▶ Stored items from a collection:
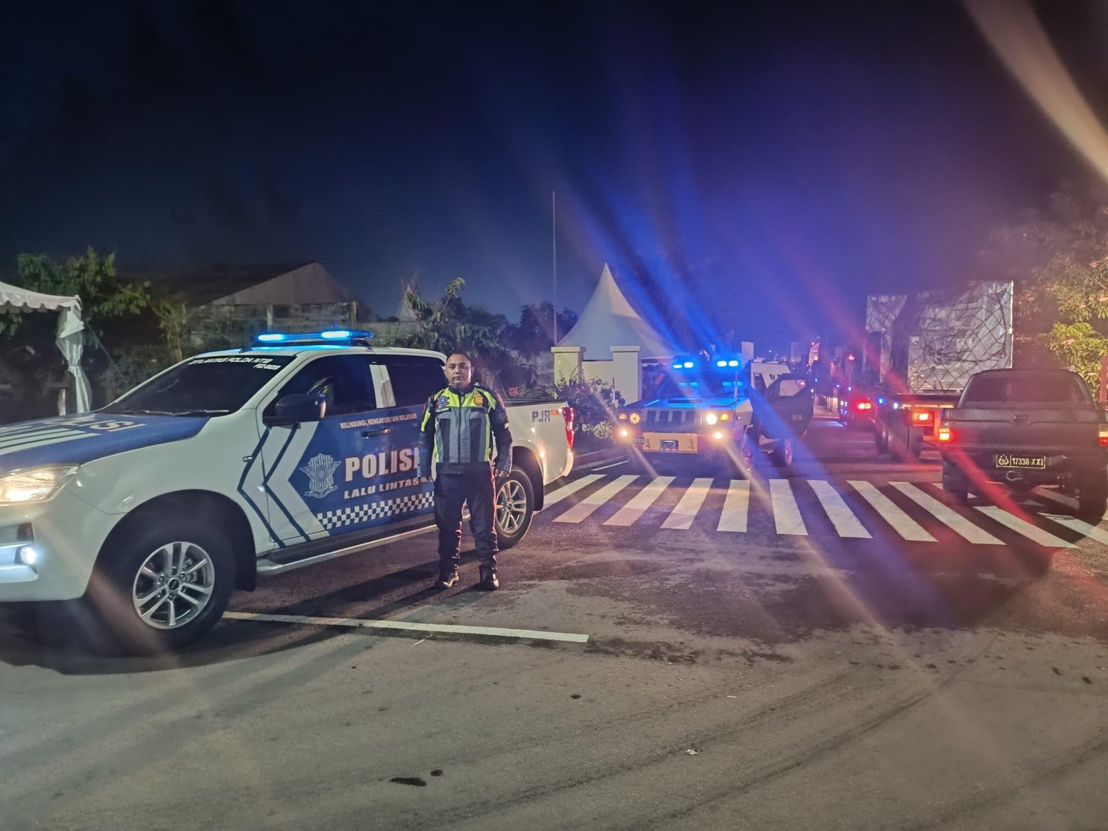 Langkah tersebut dilakukan untuk memastikan seluruh perlengkapan logistik event tiba tepat waktu, aman, dan tanpa hambatan, sekaligus menjaga keamanan, keselamatan, ketertiban, dan kelancaran lalu lintas (kamseltibcarlantas) di jalur yang dilalui.
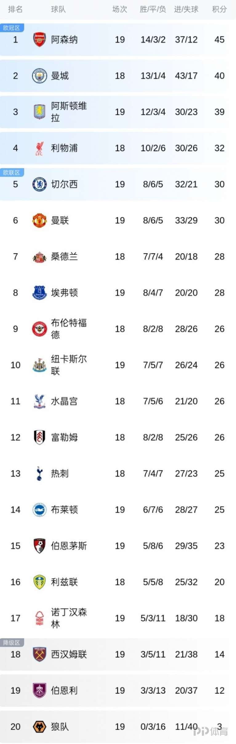英超积分榜:阿森纳先赛5分领跑 曼城维拉利物浦前四
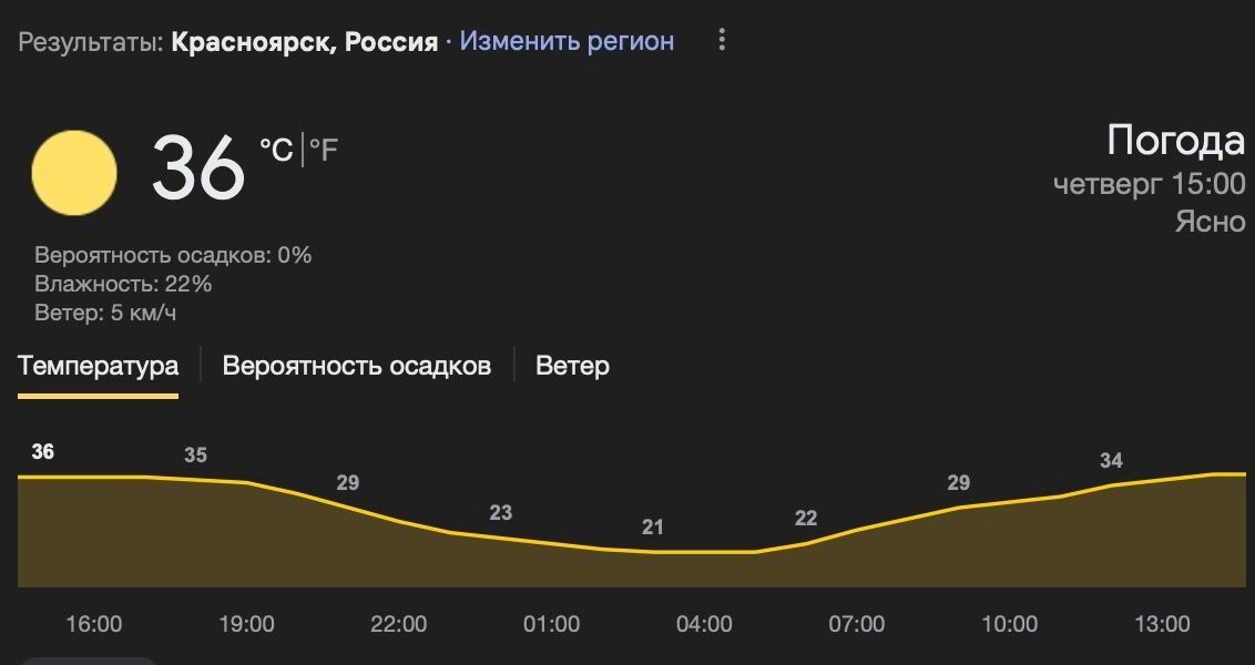 При этом метеосервисы показывают температуру в +35…+36 в Красноярске.
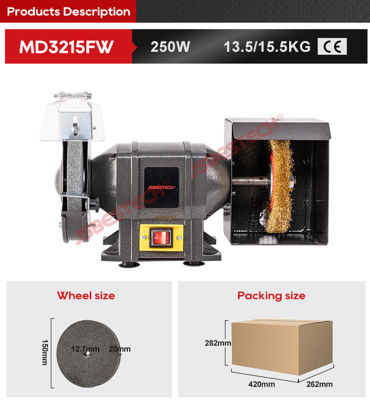 MD3215FW Industrial Electric Bench Grinder Machine 60# Grit 20mm Wheel Thickness for General Purpose Metal Polishing Motor Power:250W Motor Speed (60Hz):3450r/min Motor Speed (50Hz):2950r/min N.W./G.W.:13.5/15.5kg Packing Size:420x262x282mm Send Inquiry Live chat Product Detail Model MD3215FW Wheel Size Ø150x20xØ12.7mm Motor Power 250W Motor Speed(60Hz) 3450r/min Motor Speed(50Hz) 2950r/min Wheel Grit(left) Tags: bench grinder wheelindustrial bench grinderbench grinder polisher Share: PREVIOUS:MD3215F 6 inch Bench Grinder Motors with Steel Wheel Guard NEXT:MD3275M Electric Bench Grinder Mini Bench Grinder Machine Related Products BT280V 850W mini bench lathe machine metal High Quality 370W bench grinder variable speed with heavy cast iron base MD200BGB Long shaft powerful 200mm stationary buffing tool low speed bench polisher ZJQ5132 China cheap price 32mm mini drill press stand JSBESTECH Company BFM40 Drilling Milling Machine BT800B 800mm 11kw gap bed metal lathe machine
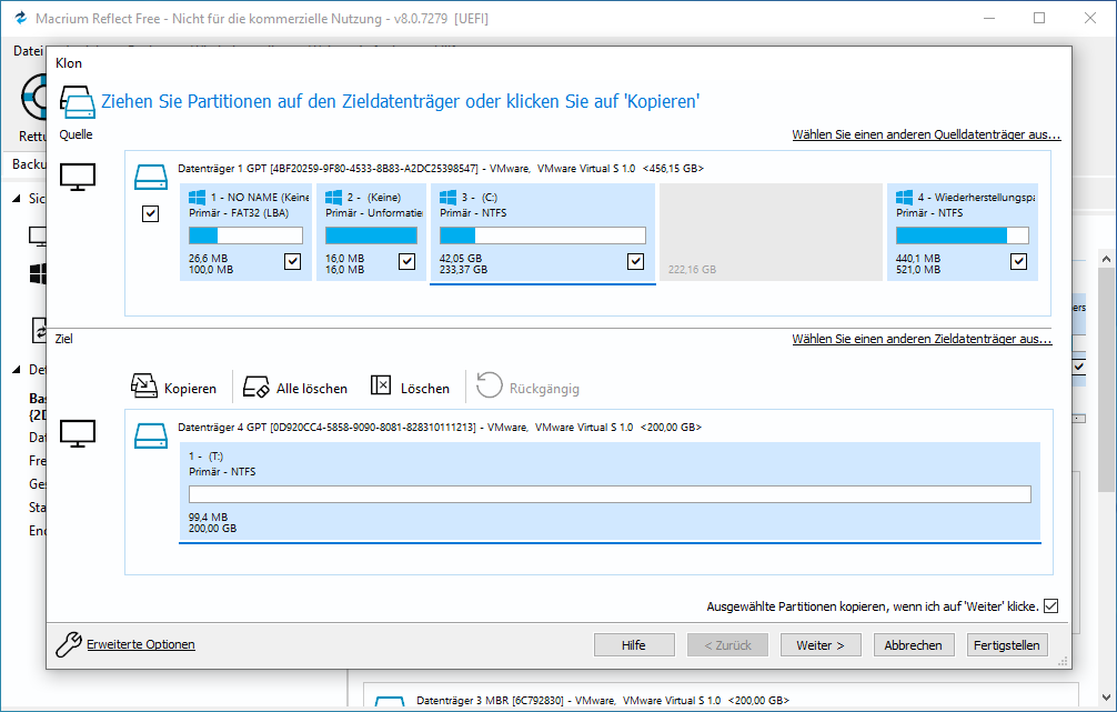 Schritt 3. Ziehen Sie Partitionen auf den Zieldatenträger oder klicken Sie auf „Kopieren“.
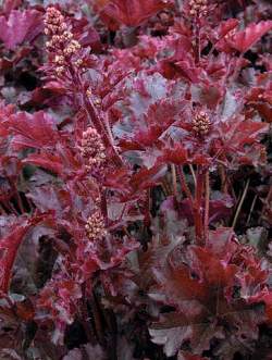 Гейхера гибридная Crimson Curls (Кримсон Кёлс). Листва различных оттенков темно-зеленого и темно-пурпурного, с сильной гофрировкой по краям и малиновой изнанкой. Розовые цветки в конических соцветиях. Одинаково хорошо чувствует себя и на солнце, и в тени.

▶ To do:
Set down the records again exactly as they appear, leaving each picture behind.

▶ Reply:
 Langkah tersebut dilakukan untuk memastikan seluruh perlengkapan logistik event tiba tepat waktu, aman, dan tanpa hambatan, sekaligus menjaga keamanan, keselamatan, ketertiban, dan kelancaran lalu lintas (kamseltibcarlantas) di jalur yang dilalui.
英超积分榜:阿森纳先赛5分领跑 曼城维拉利物浦前四
 При этом метеосервисы показывают температуру в +35…+36 в Красноярске.
 MD3215FW Industrial Electric Bench Grinder Machine 60# Grit 20mm Wheel Thickness for General Purpose Metal Polishing Motor Power:250W Motor Speed (60Hz):3450r/min Motor Speed (50Hz):2950r/min N.W./G.W.:13.5/15.5kg Packing Size:420x262x282mm Send Inquiry Live chat Product Detail Model MD3215FW Wheel Size Ø150x20xØ12.7mm Motor Power 250W Motor Speed(60Hz) 3450r/min Motor Speed(50Hz) 2950r/min Wheel Grit(left) Tags: bench grinder wheelindustrial bench grinderbench grinder polisher Share: PREVIOUS:MD3215F 6 inch Bench Grinder Motors with Steel Wheel Guard NEXT:MD3275M Electric Bench Grinder Mini Bench Grinder Machine Related Products BT280V 850W mini bench lathe machine metal High Quality 370W bench grinder variable speed with heavy cast iron base MD200BGB Long shaft powerful 200mm stationary buffing tool low speed bench polisher ZJQ5132 China cheap price 32mm mini drill press stand JSBESTECH Company BFM40 Drilling Milling Machine BT800B 800mm 11kw gap bed metal lathe machine
 Schritt 3. Ziehen Sie Partitionen auf den Zieldatenträger oder klicken Sie auf „Kopieren“.
 Гейхера гибридная Crimson Curls (Кримсон Кёлс). Листва различных оттенков темно-зеленого и темно-пурпурного, с сильной гофрировкой по краям и малиновой изнанкой. Розовые цветки в конических соцветиях. Одинаково хорошо чувствует себя и на солнце, и в тени.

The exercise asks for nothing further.